→ Exercise brief
Reproduce the data below exactly as written. Pictures do not belong in the copy.

→ Data block

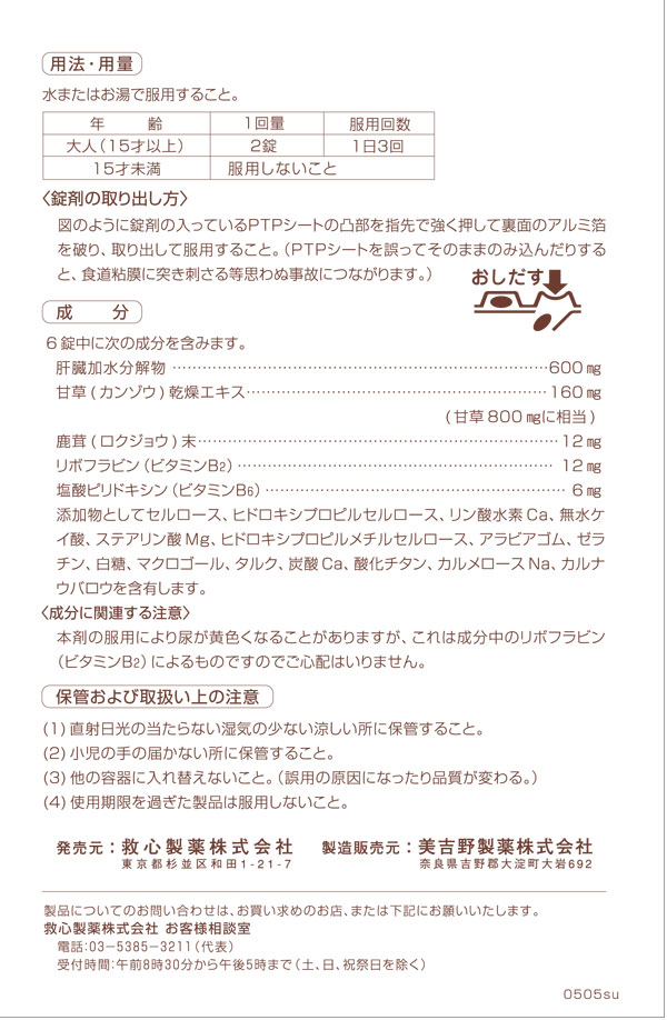 2.古来強壮生薬として珍重されてきた鹿茸(ロクジョウ)末や、体の抵抗力を高め、胃腸の働きを整えて強壮効果を現す甘草(カンゾウ)乾燥エキスが配合されています。
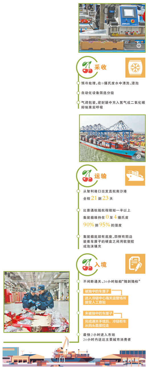 总部位于广东深圳的鑫荣懋果业科技集团股份有限公司在智利建有多个果园基地。“车厘子纯熟时,当地气温约20多摄氏度。为了提高运载中的抗毁伤能力,果农常常会在果实延伸期适量施加钙肥;采摘后,会坐窝运入隔邻的库房,进行预冷措置,根除‘田头热’。”该公司关务总监李燕先容。
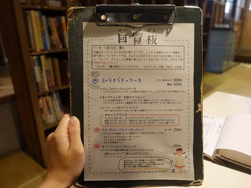 日ごとのメニューは回覧板のバインダーに挟んであります。店内には、いたるところに懐かしのアイテムが散りばめられていて、学生の頃の思い出が蘇ってきそうです。

→ Task result
 2.古来強壮生薬として珍重されてきた鹿茸(ロクジョウ)末や、体の抵抗力を高め、胃腸の働きを整えて強壮効果を現す甘草(カンゾウ)乾燥エキスが配合されています。
 总部位于广东深圳的鑫荣懋果业科技集团股份有限公司在智利建有多个果园基地。“车厘子纯熟时,当地气温约20多摄氏度。为了提高运载中的抗毁伤能力,果农常常会在果实延伸期适量施加钙肥;采摘后,会坐窝运入隔邻的库房,进行预冷措置,根除‘田头热’。”该公司关务总监李燕先容。
 日ごとのメニューは回覧板のバインダーに挟んであります。店内には、いたるところに懐かしのアイテムが散りばめられていて、学生の頃の思い出が蘇ってきそうです。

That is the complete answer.